| WHAT TO PRODUCE |
Each line of data below is to be returned exactly, leaving out any picture.

[Records from a collection]
==============================
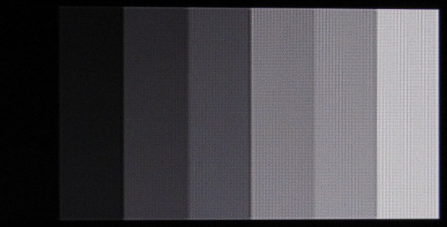 Here's a test with grayscale bars. And the signal on the scope: As you can see, the steps aren't spaced evenly. I just used a 330 Ohm, 680 Ohm and 1.2k resistor (all 5%), and tried different combinations of '0', '1' and 'Z' outputs to get a few usable levels between 0.3V (black) and 1.0V (white), as well as 0V for sync.
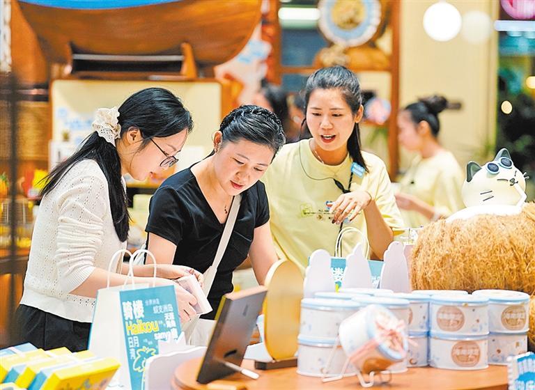 11月10日,游客在海南省海口市骑楼老街选购文创产品。骑楼老街经系统修复后持续创新消费场景,前来选购的游客络绎不绝。
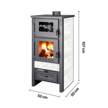 ProTermo Taurus Kaminofen mit Backfach Weiß 12,05 kw | Bauart 1
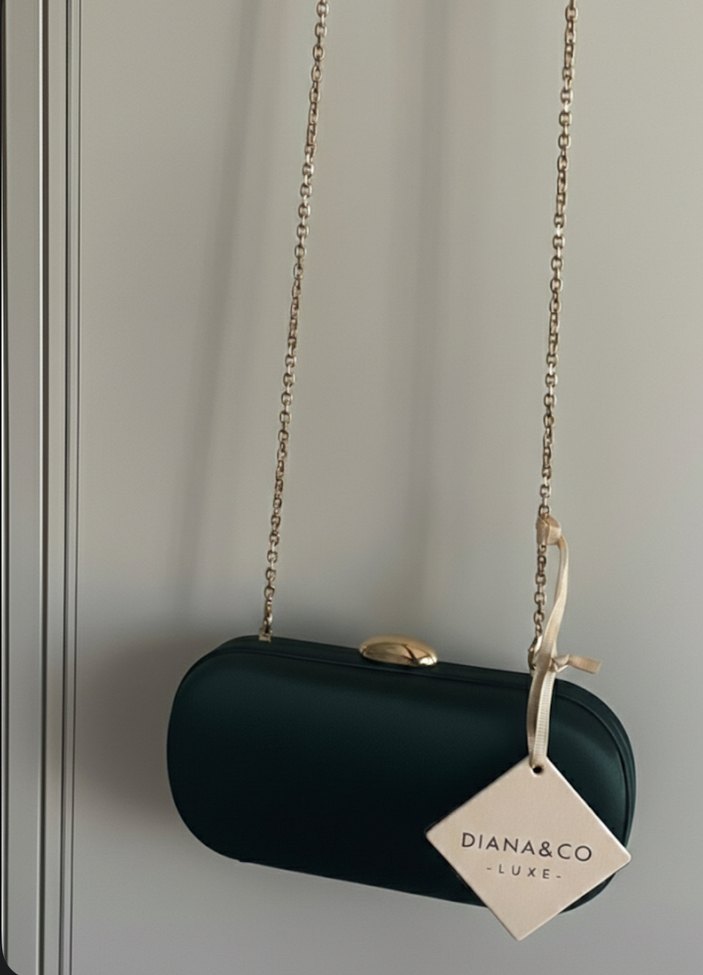 Diana&Co koyu yeşil portföy çanta, zincirleri çıkarılabilir, çantanın eni 20cm derinliği yaklaşık 8-9,5 cm dir, zincirlerin uzunluğu yaklaşık 58cm dir. kendi saten pembe bezi ile birlikte gönderilecektir (fotoğraftaki beyaz bez ile poşet de dahil)
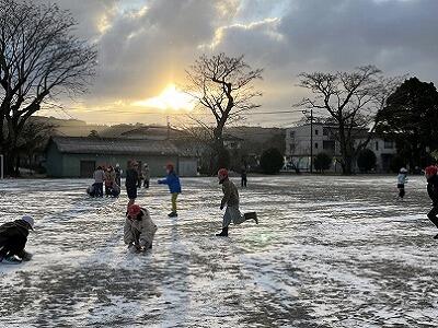 昨日から多くの子どもたちが「雪が積もりますように」と願っていました。その願いが通じたかのように、今朝は、校庭にも雪が積もりました。登校後、運動場では、子どもたちが雪遊びを大いに楽しみました。
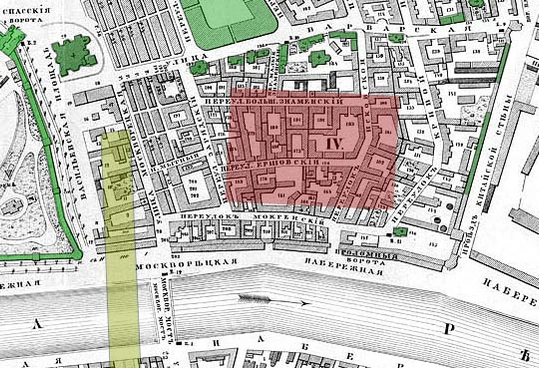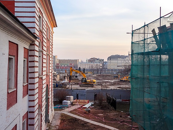 К началу XX века район Зарядья превратился в трущобы. В ходе Сталинской реконструкции Москвы 1930-х годов его значительно перестроили: в 1936—1937 годах снесли ветхую малоэтажную застройку исторического района, в том числе часть Китайгородской стены. В 1934 и 1936 годах провели конкурсы на проект строительства на этом месте здания Наркомата тяжёлой промышленности, но проект так и не был реализован в связи с упразднением ведомства в 1939-м. Вместо него в 1940-м решили возвести второе здание Совета народных комиссаров по проекту архитекторов братьев Весниных, работа по подготовке строительной площадки встала из-за начала Великой Отечественной войны[5][6].
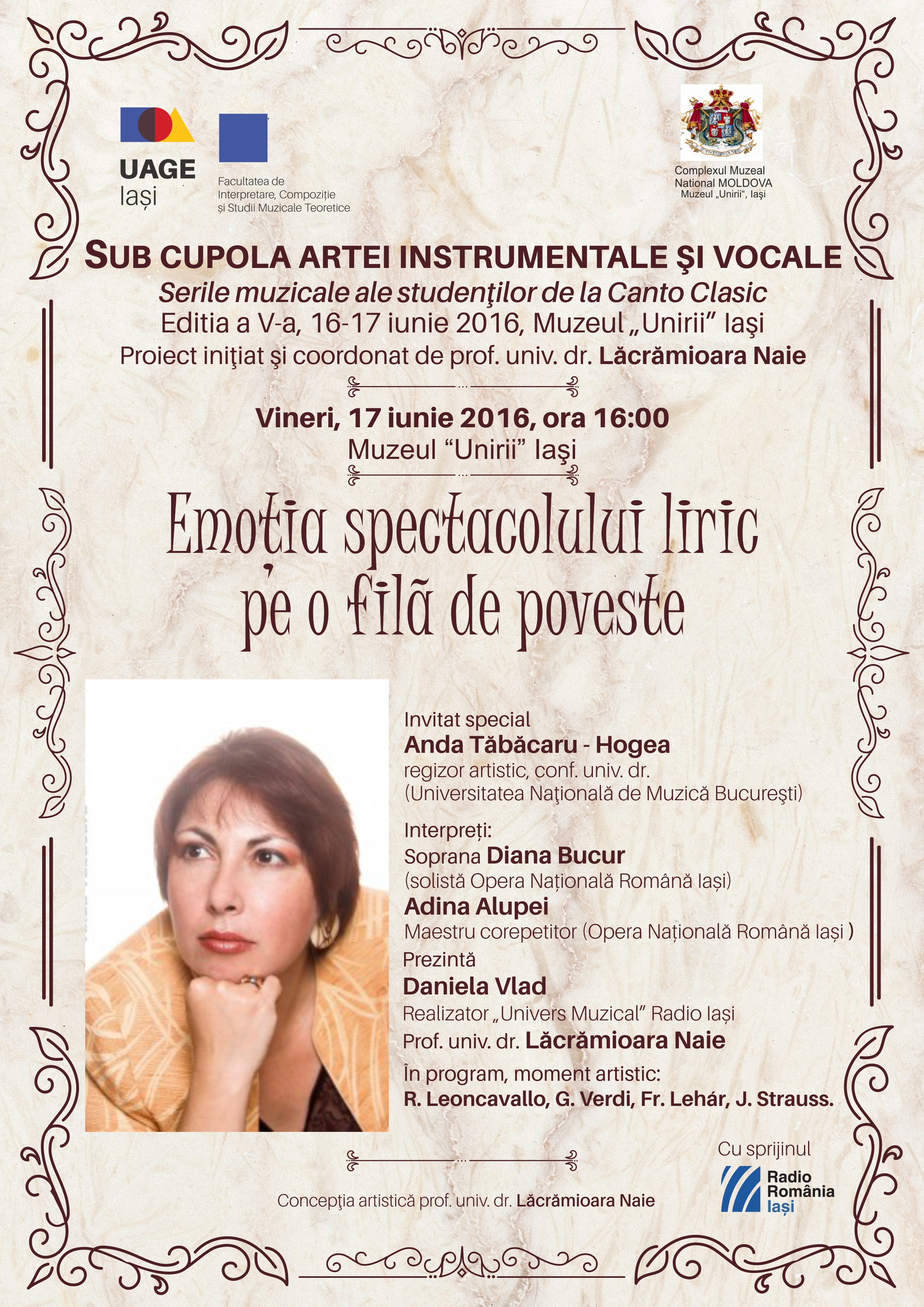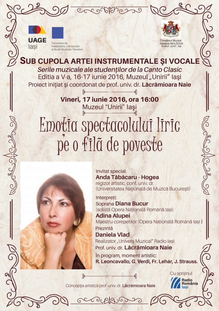 Vineri, regizor și conf. univ. dr. la Universitatea Națională de Muzică București, Anda Tăbăcaru-Hogea, va fi prezentată de Daniela Vlad, realizator de emisiuni la Radio Iași.
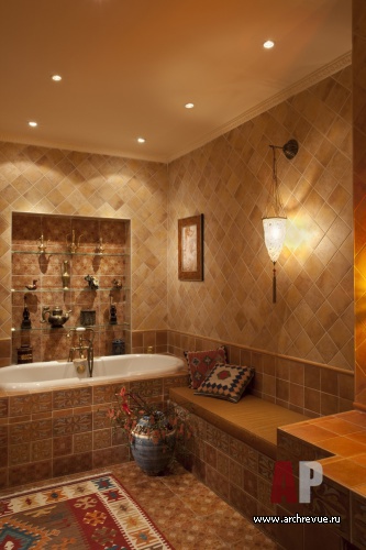 Квартира для семьи выполнена в эклектичном стиле с восточными мотивами. Помимо уютной гостевой зоны и комфортных приватных комнат архитектору следовало создать SPA-комплекс на дому. Большая банная зона способствует отдыху и релаксу.
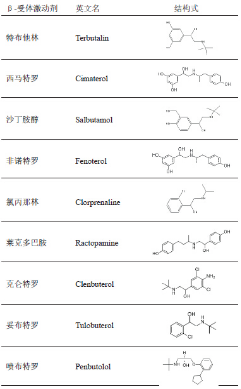 特布他林、西馬特羅、沙丁胺醇、非諾特羅、氯丙那林、萊克多巴胺、克侖特羅、妥布特羅和噴布特羅等9種β-受體激動劑信息如表所示。
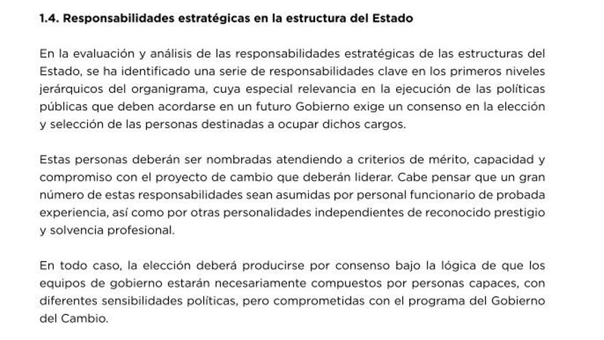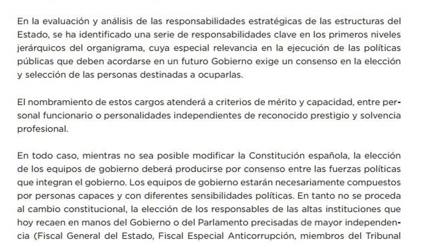 “Se ha identificado una serie de responsabilidades clave en los primeros niveles jerárquicos del organigrama cuya especial relevancia en la ejecución de las políticas públicas que deben acordarse en un futuro Gobierno exige un consenso en la elección”, arranca el punto en cuestión.
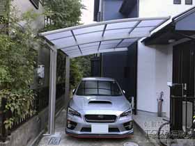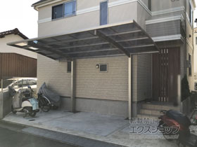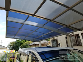 この度は弊社でプレシオスポート アール型 1台用の施工のご依頼を頂きまして、誠に有り難うございます。落ち着いたお色味でご自宅や周囲の景観に調和する、グレースブラウンのフレームのカーポートが、敷地内に自然に収まりました事。嬉しく存じます。屋根が出来た事により、車の汚れ軽減をご実感頂けているとの事で、安堵しております。ポリカーボネート(スカイブルー)の屋根は紫外線透過率ほぼ0%のため、色あせ等の軽減にも効果を期待できるのではないかと存じます。これからもお客様の快適な暮らしの為に、商品知識の向上に努めて参りますので、今後もエクスショップをご愛顧頂きますよう、宜しくお願い申し上げます。
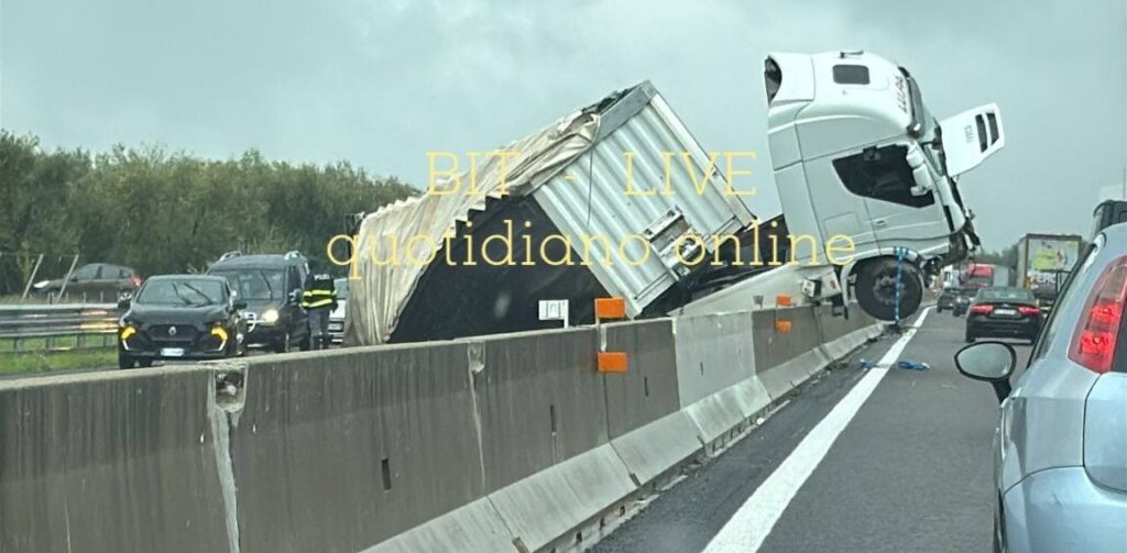 A causa delle forti precipitazioni, un mezzo pesante è uscito improvvisamente di strada per motivi ancora in corso di accertamento, ribaltandosi e rimanendo in bilico sullo spartitraffico tra le due carreggiate.
==============================
| EXERCISE RESPONSE |
 Here's a test with grayscale bars. And the signal on the scope: As you can see, the steps aren't spaced evenly. I just used a 330 Ohm, 680 Ohm and 1.2k resistor (all 5%), and tried different combinations of '0', '1' and 'Z' outputs to get a few usable levels between 0.3V (black) and 1.0V (white), as well as 0V for sync.
 11月10日,游客在海南省海口市骑楼老街选购文创产品。骑楼老街经系统修复后持续创新消费场景,前来选购的游客络绎不绝。
 ProTermo Taurus Kaminofen mit Backfach Weiß 12,05 kw | Bauart 1
 Diana&Co koyu yeşil portföy çanta, zincirleri çıkarılabilir, çantanın eni 20cm derinliği yaklaşık 8-9,5 cm dir, zincirlerin uzunluğu yaklaşık 58cm dir. kendi saten pembe bezi ile birlikte gönderilecektir (fotoğraftaki beyaz bez ile poşet de dahil)
 昨日から多くの子どもたちが「雪が積もりますように」と願っていました。その願いが通じたかのように、今朝は、校庭にも雪が積もりました。登校後、運動場では、子どもたちが雪遊びを大いに楽しみました。
 К началу XX века район Зарядья превратился в трущобы. В ходе Сталинской реконструкции Москвы 1930-х годов его значительно перестроили: в 1936—1937 годах снесли ветхую малоэтажную застройку исторического района, в том числе часть Китайгородской стены. В 1934 и 1936 годах провели конкурсы на проект строительства на этом месте здания Наркомата тяжёлой промышленности, но проект так и не был реализован в связи с упразднением ведомства в 1939-м. Вместо него в 1940-м решили возвести второе здание Совета народных комиссаров по проекту архитекторов братьев Весниных, работа по подготовке строительной площадки встала из-за начала Великой Отечественной войны[5][6].
 Vineri, regizor și conf. univ. dr. la Universitatea Națională de Muzică București, Anda Tăbăcaru-Hogea, va fi prezentată de Daniela Vlad, realizator de emisiuni la Radio Iași.
 Квартира для семьи выполнена в эклектичном стиле с восточными мотивами. Помимо уютной гостевой зоны и комфортных приватных комнат архитектору следовало создать SPA-комплекс на дому. Большая банная зона способствует отдыху и релаксу.
 特布他林、西馬特羅、沙丁胺醇、非諾特羅、氯丙那林、萊克多巴胺、克侖特羅、妥布特羅和噴布特羅等9種β-受體激動劑信息如表所示。
 “Se ha identificado una serie de responsabilidades clave en los primeros niveles jerárquicos del organigrama cuya especial relevancia en la ejecución de las políticas públicas que deben acordarse en un futuro Gobierno exige un consenso en la elección”, arranca el punto en cuestión.
 この度は弊社でプレシオスポート アール型 1台用の施工のご依頼を頂きまして、誠に有り難うございます。落ち着いたお色味でご自宅や周囲の景観に調和する、グレースブラウンのフレームのカーポートが、敷地内に自然に収まりました事。嬉しく存じます。屋根が出来た事により、車の汚れ軽減をご実感頂けているとの事で、安堵しております。ポリカーボネート(スカイブルー)の屋根は紫外線透過率ほぼ0%のため、色あせ等の軽減にも効果を期待できるのではないかと存じます。これからもお客様の快適な暮らしの為に、商品知識の向上に努めて参りますので、今後もエクスショップをご愛顧頂きますよう、宜しくお願い申し上げます。
 A causa delle forti precipitazioni, un mezzo pesante è uscito improvvisamente di strada per motivi ancora in corso di accertamento, ribaltandosi e rimanendo in bilico sullo spartitraffico tra le due carreggiate.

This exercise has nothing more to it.